The group had recently separated from more and more subsidiaries

“We still have a lot of plans for Lufthansa Technik,” says Kayser. Above all, the division should continue to grow. Another plant will soon be built in Europe to expand capacity, especially in engine maintenance. According to Kayser, “acquisitions are also possible.” Another growth area is the maintenance of military aircraft, which has not yet been part of the core business. Lufthansa Technik is headquartered in Hamburg and is expected to generate sales of more than six billion euros in 2023. Last year it was 5.6 billion.

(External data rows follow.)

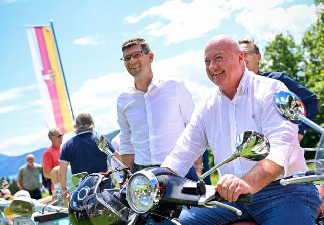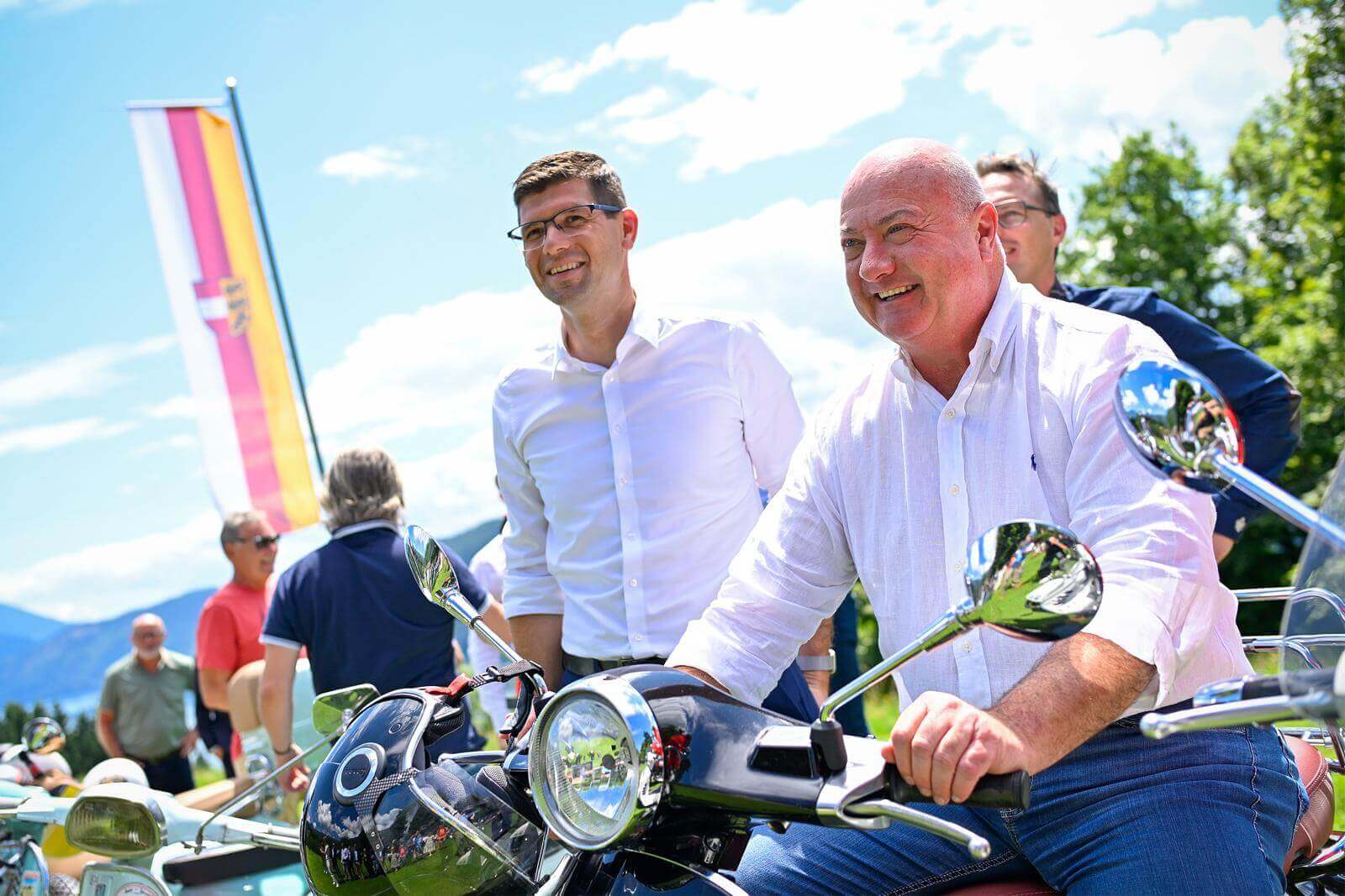 Spritztour mit der Vespa: Bundeskanzler Christian Stocker (ÖVP, r.) genoss mit dem Kärntner Landeshauptmann-Stellvertreter Martin Gruber (ÖVP, l.) die kurze Ausfahrt.Kärntner Volkspartei/Helge Bauer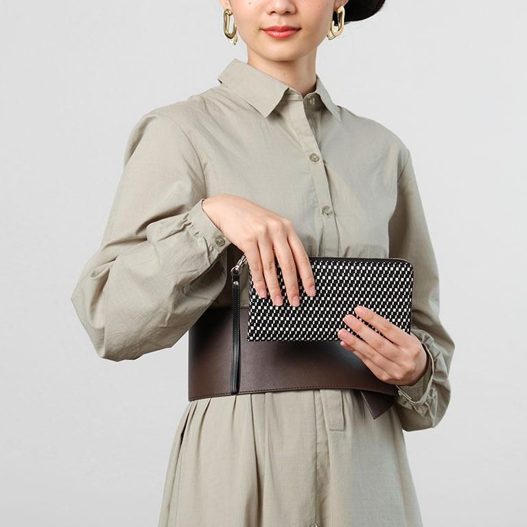 女性らしいディテールに、大きく開いて出し入れしやすいL字ファスナーを採用。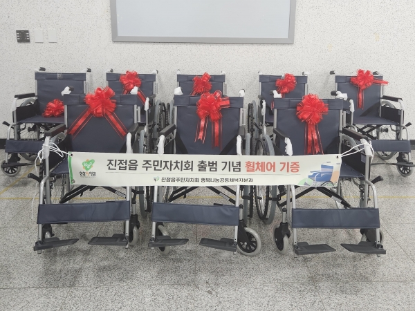 [금요저널] 남양주시 진접읍 주민자치회는 지난 14일 ‘제1기 주민자치회 출범식’에서 독거 어르신 등 거동이 불편한 진접읍 주민들을 위해 기증한 휠체어 8대를 진접읍 지역사회보장협의체에 전달했다.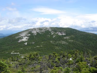 The granite-topped Baldpate Mountain rises to an elevation of 3,813 feet, featuring two distinct peaks connected by a mountain saddle in Oxford County.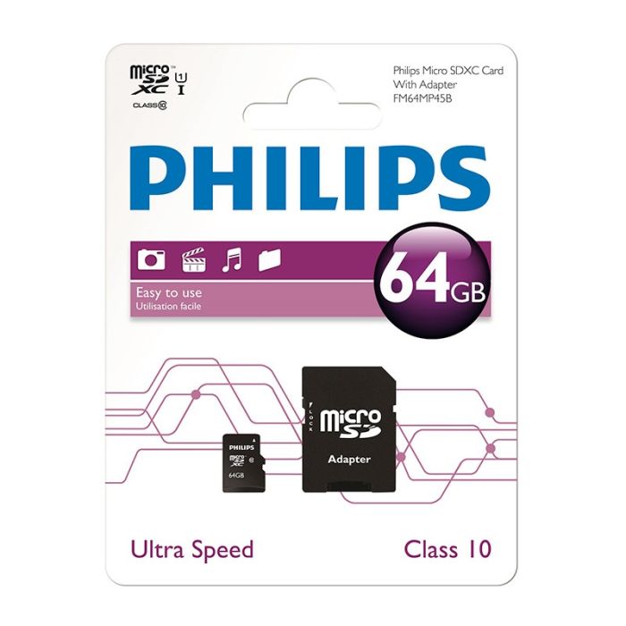 Tarjeta Micro SD PHILIPS Clase 10 de 64Gb

The group had recently separated from more and more subsidiaries, including the catering specialist LSG Sky-Chefs. Lufthansa wants to concentrate on the actual airlines – 13 airlines now belong to the group. In the summer, Lufthansa also reached an agreement with the Italian state to initially take over 41 percent of ITA Airways. But to date it has not yet formally submitted the project to the European Commission, which must approve the merger. The group wants to clarify as many conditions as possible in advance in order to shorten the actual process. Among other things, it is reportedly about specifying take-off and landing times at Milan-Malpensa Airport. ITA only has a very small presence there, but for Lufthansa Milan is an important location for feeder flights to the hubs in Munich and Frankfurt.